Unnamed: 0,date,store_id,amount
0,2016-08-01,2,2372


In [6]:
#date전환
train['date'] = pd.to_datetime(train['date'],infer_datetime_format= True)
test['date'] = pd.to_datetime(test['date'],infer_datetime_format= True)

In [7]:
# 나중을 위한 복제
train['temp_date'] = train['date']
test['temp_date'] = test['date']

In [8]:
# 날짜를 인덱스로 설정
train.set_index("date",inplace=True)
test.set_index("date",inplace=True)

### 일부제거

#### train
1. 거래기록이 160일 이하인 경우 삭제 -> 대회 목적이 100일 이후를 예측하는 것이므로 60일은 train(X), 100일은 predict(y)에 사용
    * 160일이 가장 이상적이라고 고려함
2. 2018-07-31 주변 5일 내 거래가 없으면 폐업으로 추정, 2018-07-31은 꼭 있어야하는 데이터

In [9]:
counter = 0
limit = 160

print("Before removing stores (due to limit): ", train.shape)

#160 이상이면 카운트를 올리고, 아니라면 제외함
for store_id in notebook.tqdm(range(train['store_id'].max()+1)):
    if train.loc[train['store_id'] == store_id, 'store_id' ].count() <= limit:
        counter += 1
    else :
        train = train[train.store_id !=store_id]

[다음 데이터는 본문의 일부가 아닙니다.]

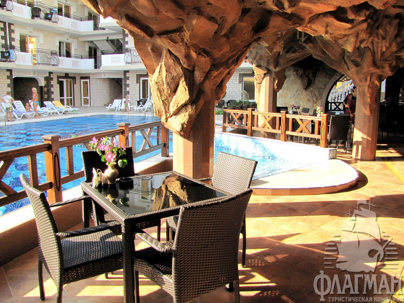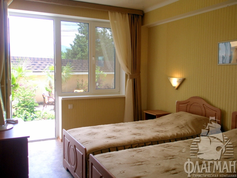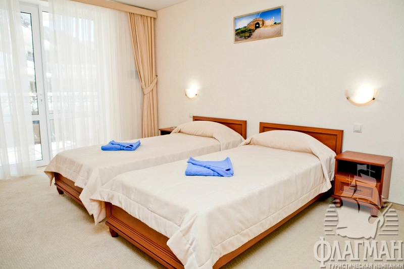 - Стандарт 1 2-местный. В номере: ТВ, холодильник, кондиционер, мини-сейф, набор мебели, двуспальная или две односпальные кровати, санузел (туалет, умывальник, душ, набор мини-парфюмерии, фен), балкон. Вид во внутренний дворик отеля, сад и море. Площадь номера: 20 кв.м. Дополнительное место - еврораскладушка.

print(f"Total # of stores that exceeds {limit} is {counter}")
print("After removing stores (due to limit): ", train.shape)

Before removing stores (due to limit):  (480160, 3)


HBox(children=(FloatProgress(value=0.0, max=1800.0), HTML(value='')))


Total # of stores that exceeds 160 is 806
After removing stores (due to limit):  (47969, 3)


In [10]:
#  2018-07-31 주변 5일 내 거래가 없으면 폐업으로 추정, 2018-07-31은 꼭 있어야하는 데이터
def keep_alive_store(df):
    store_id_list = df.store_id.unique()
    yes, no = 0, 0
    
    t2 = datetime.datetime.strptime('2018-07-31', '%Y-%m-%d')
    
    for store_id in store_id_list:
        if df.loc[df.store_id == store_id,'temp_date'].iloc[-1] == t2:
            yes += 1
        else:
            t1 = df.loc[df.store_id == store_id,'temp_date'].iloc[-1]
            difference = t2 - t1
            if difference.days <=5:
                yes += 1
            else :
                no += 1
                df = df[df.store_id != store_id]
    print(f"# of train store open/out of business: {yes}, {no}")
    return df

In [11]:
train = keep_alive_store(train)

# of train store open/out of business: 399, 382


#### test
1. 2018-03-31 주변 7일 거래기록이 없으면 폐업으로 가정 
  - 197번 매장을 폐업으로 추정

In [15]:
store_id_list = test.store_id.unique()
yes, no = 0, 0
closed_test_store = []
t2 = datetime.datetime.strptime('2018-03-01',"%Y-%m-%d")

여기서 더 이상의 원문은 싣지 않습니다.